I want to use the stand alone Tivo with my coolsat receiver. The problem is that tivo doesn't have coolsat in its list of receivers. 

I spent hours online looking for a way to fix that and I found out that I need get the coolsat IR codes and upload them into the tivo.

I managed to get the codes but I don't know how to upload them into the tivo and I couldn't find info on how to do it.

So if anybody out there has done this, knows how to do it or can direct me on where I can get instructions, you would be saving me from my misery and adding a smile on the faces of many.

Thanks.


----------



## JWThiers (Apr 13, 2005)

Use the "search this forum" tool and search for coolsat and you will find a few reasons why you won't get an answer.


----------



## abdo1976 (Jun 1, 2006)

OK..I searched and I read the posts.....however I am a paying TIVO subscriber...whether I get free satellite or not is not the issue here.

I am entitled to use my tivo with any service I have......I can use it to record programs that I receive from a free antenna signal.

Talking about legit.........all this "underground forum" talks about is to hack the tivo...I suppose that is "VERY LEGIT".
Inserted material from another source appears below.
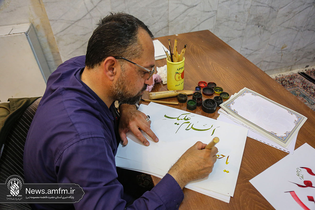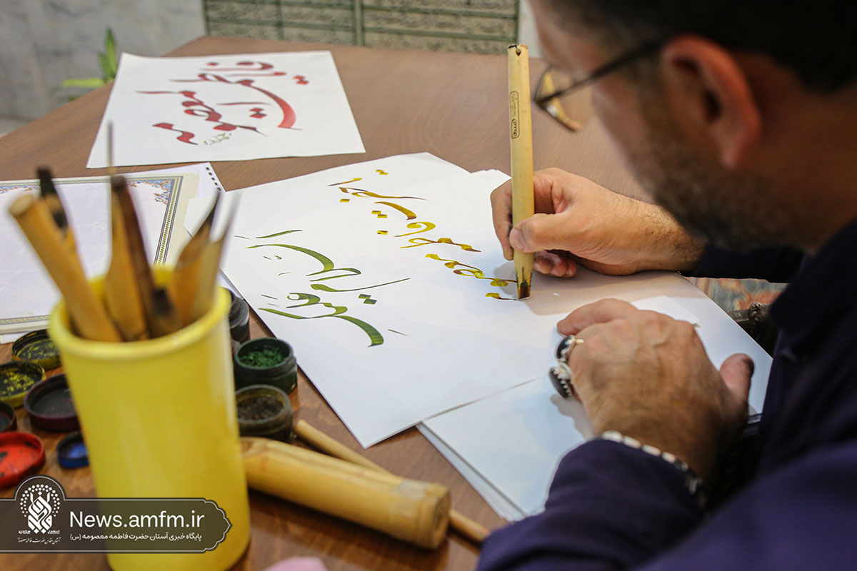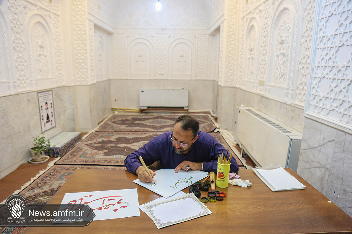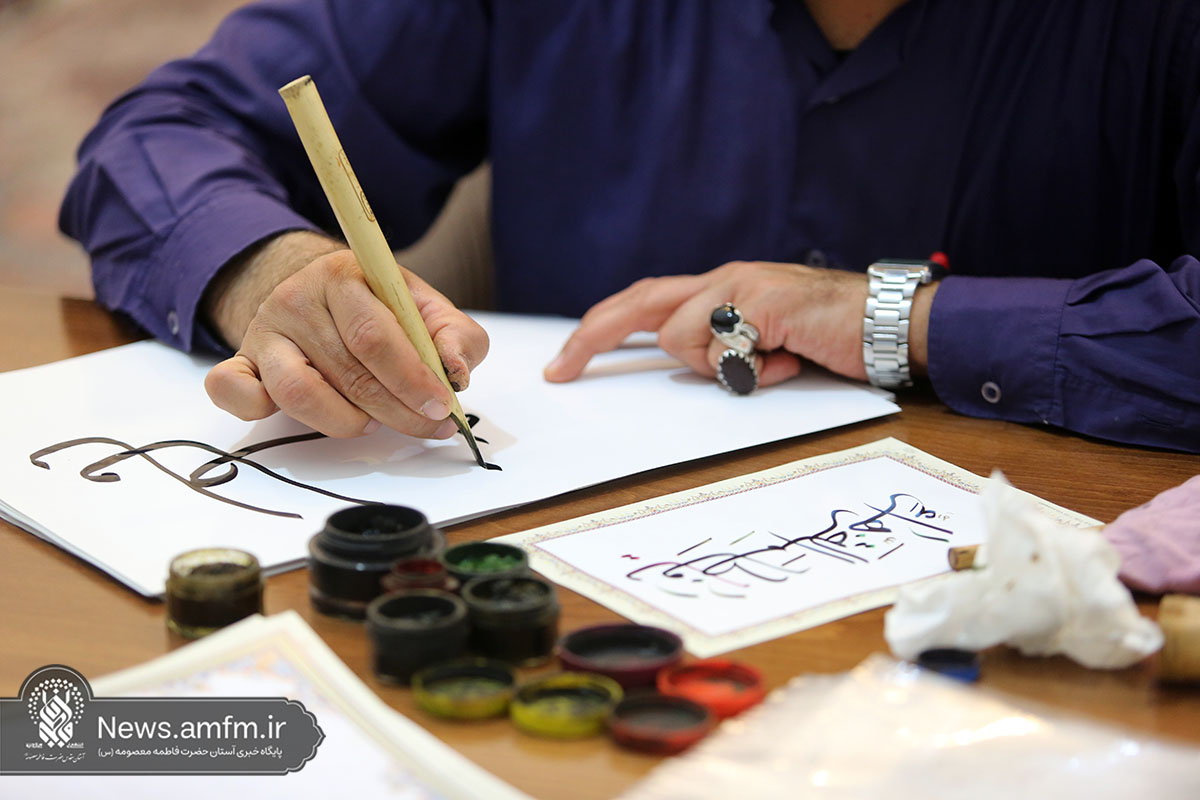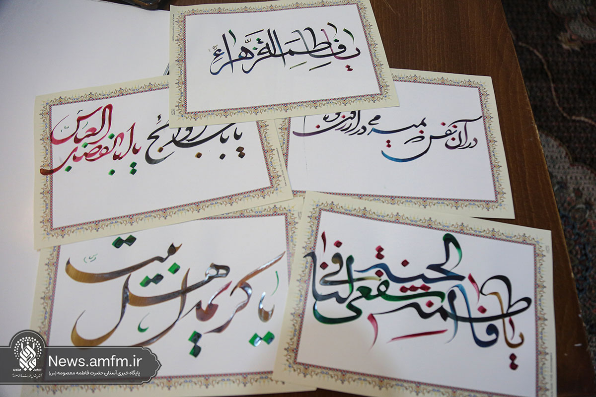 گفتنی است در این میز خوشنویسی اسامی و القاب حضرت معصومه سلام الله علیها و سایر اهل بیت عصمت و طهارت(ع) به سفارش زائران برای آنها نوشته و به آنها تقدیم می شود.

Thanks for the help anyway.


----------



## JWThiers (Apr 13, 2005)

abdo1976 said:


> OK..I searched and I read the posts.....however I am a paying TIVO subscriber...whether I get free satellite or not is not the issue here.
> 
> I am entitled to use my tivo with any service I have......I can use it to record programs that I receive from a free antenna signal.
> 
> ...


I admit I don't know much about the "FREE SATELLITE" service you are receiving, but the gist of what I can get from the posts that I have read here is Tivo has the codes. I even think that someone mentioned what codes worked. The problem as I understand it is that guide data is provided for the satellite services are all there already except for dish network. So it is generally assumed here that people are using this setup to steal dishnetwork. I'm not saying you are but that is the general feeling here.

As for what we do here the difference is we don't steal the service being provided, we are augmenting features for services we are paying for. Again I am not accusing you, just trying to explain why you won't get much help for that type of problem.


----------



## Gunnyman (Jul 10, 2003)

abdo1976 said:


> OK..I searched and I read the posts.....however I am a paying TIVO subscriber...whether I get free satellite or not is not the issue here.
> 
> I am entitled to use my tivo with any service I have......I can use it to record programs that I receive from a free antenna signal.
> 
> ...


You are entitled to use the TiVo with services it was designed to work with.


----------